=== What the task asks ===
Every line below must be reproduced exactly; no pictures are to be included.

=== Data provided ===
----

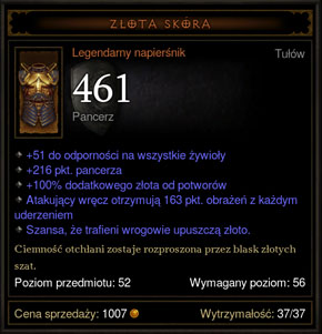 Dobrym przykładem jest Złota Skóra. 100% premii do znajdowania złota plus szansa, że potwory upuszczą złoto, gdy zostaną trafione. Całkiem nieźle, prawda? Minusem jest to, że gdy ustalane są statystyki przedmiotu, nie mogą zostać wylosowane dla niego podstawowe statystyki postaci. Zamiast tego skupiliśmy się na oddaniu klimatu przedmiotu, który jest przecież skórą ze złota (!) i w związku z tym będzie dawał swojemu użytkownikowi dodatkowe odporności i redukcję przyjmowanych obrażeń. W ten sposób przedmiot oferuje graczowi kilka interesujących możliwości wykorzystania go do wzbogacenia własnego stylu gry. Jeśli naprawdę chce się zdobywać góry złota dzięki temu przedmiotowi trzeba znaleźć inne źródła potrzebnych statystyk. Balansowanie swojego zestawu wyposażenia z użyciem takich przedmiotów może wiązać się z ciekawami wyzwaniami.
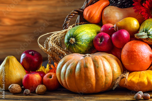 Thanksgiving day close up still life. Pumpkin harvest in wicker basket. Squash, vegetable autumn fruit, apples, and nuts on a wooden table. Halloween decoration fall design
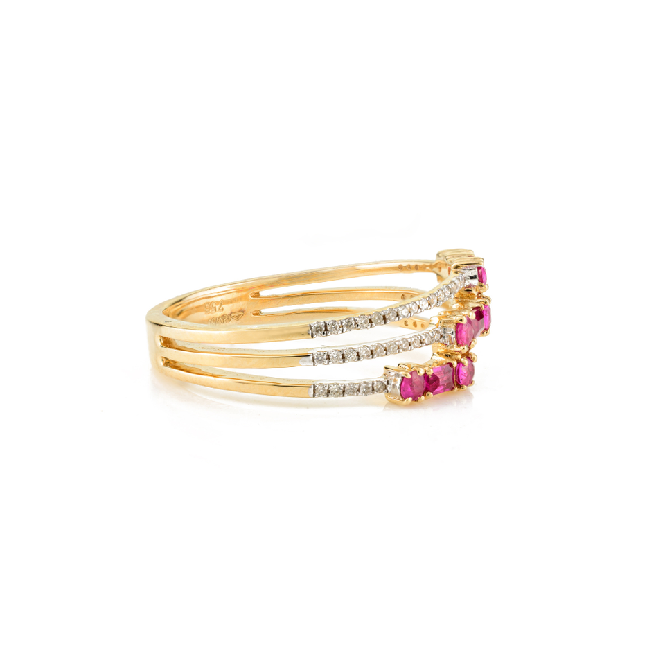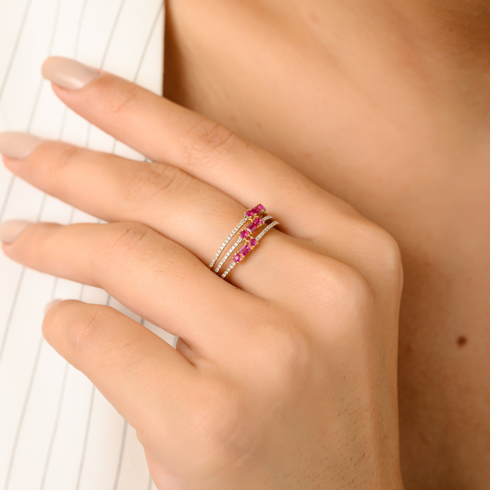 เครื่องประดับอัญมณีเพชรและทับทิม K18ดีไซน์ล่าสุดแหวนซ้อนกันสีเหลือง

----

=== Output of the exercise ===
 Dobrym przykładem jest Złota Skóra. 100% premii do znajdowania złota plus szansa, że potwory upuszczą złoto, gdy zostaną trafione. Całkiem nieźle, prawda? Minusem jest to, że gdy ustalane są statystyki przedmiotu, nie mogą zostać wylosowane dla niego podstawowe statystyki postaci. Zamiast tego skupiliśmy się na oddaniu klimatu przedmiotu, który jest przecież skórą ze złota (!) i w związku z tym będzie dawał swojemu użytkownikowi dodatkowe odporności i redukcję przyjmowanych obrażeń. W ten sposób przedmiot oferuje graczowi kilka interesujących możliwości wykorzystania go do wzbogacenia własnego stylu gry. Jeśli naprawdę chce się zdobywać góry złota dzięki temu przedmiotowi trzeba znaleźć inne źródła potrzebnych statystyk. Balansowanie swojego zestawu wyposażenia z użyciem takich przedmiotów może wiązać się z ciekawami wyzwaniami.
 Thanksgiving day close up still life. Pumpkin harvest in wicker basket. Squash, vegetable autumn fruit, apples, and nuts on a wooden table. Halloween decoration fall design
 เครื่องประดับอัญมณีเพชรและทับทิม K18ดีไซน์ล่าสุดแหวนซ้อนกันสีเหลือง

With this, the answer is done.